Beer styles were important because they were quite literally the only way to get early 1990s readers to understand what I was writing about. People then knew what ‘beer’ meant, which was primarily mainstream brands that had spent the last couple of decades devolving towards a less flavourful and more marketing driven norm, and might, just might get that such beers were of a class called ‘lager.’ Try explaining anything else without first establishing a style and what it meant and you were charging headlong into confusion — and, importantly for this young writer, the almost certain cancellation of one’s column!

Beer styles were, as Tim Webb and I put in bold type many years later in the third and latest edition of our World Atlas of Beer, “an informal agreement between a brewer and a consumer, expressed through a term on a label, by which the former tells the latter roughly what sort of beer they have tried to make.” Except, back then, it was a bit more formal than informal.

I’ve no idea how I might approach the same issue were I just starting to write about beer today.
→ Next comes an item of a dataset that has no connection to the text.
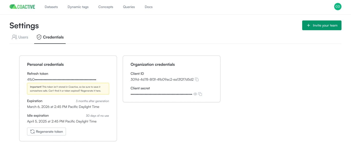 Coactive supports two types of credentials: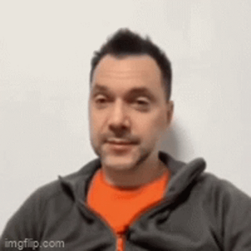 Arestovich performs a classic facepalm, covering his face with his hand in a moment of exasperation.

If that agreement was semi-formal in the 1990s and informal in the 2010s, it’s nigh on casual these days. I mean, bathing suit and flip-flops casual. So casual as to be almost entirely useless, in fact.

Take the craft beer world’s number one style, for example. In the 1980s and ‘90s, long before it became the go-to for a generation of brewers, an IPA was fairly easy to define, regardless of whether it was crafted in its traditional English form or more modern and then still developing American iteration: Somewhat to significantly stronger and hoppier than its pale ale kin, and often lighter in colour.

Put in terms the average imbiber could then understand, if you liked pale ale or best bitter but craved more of what made those beers distinctive, IPA was for you!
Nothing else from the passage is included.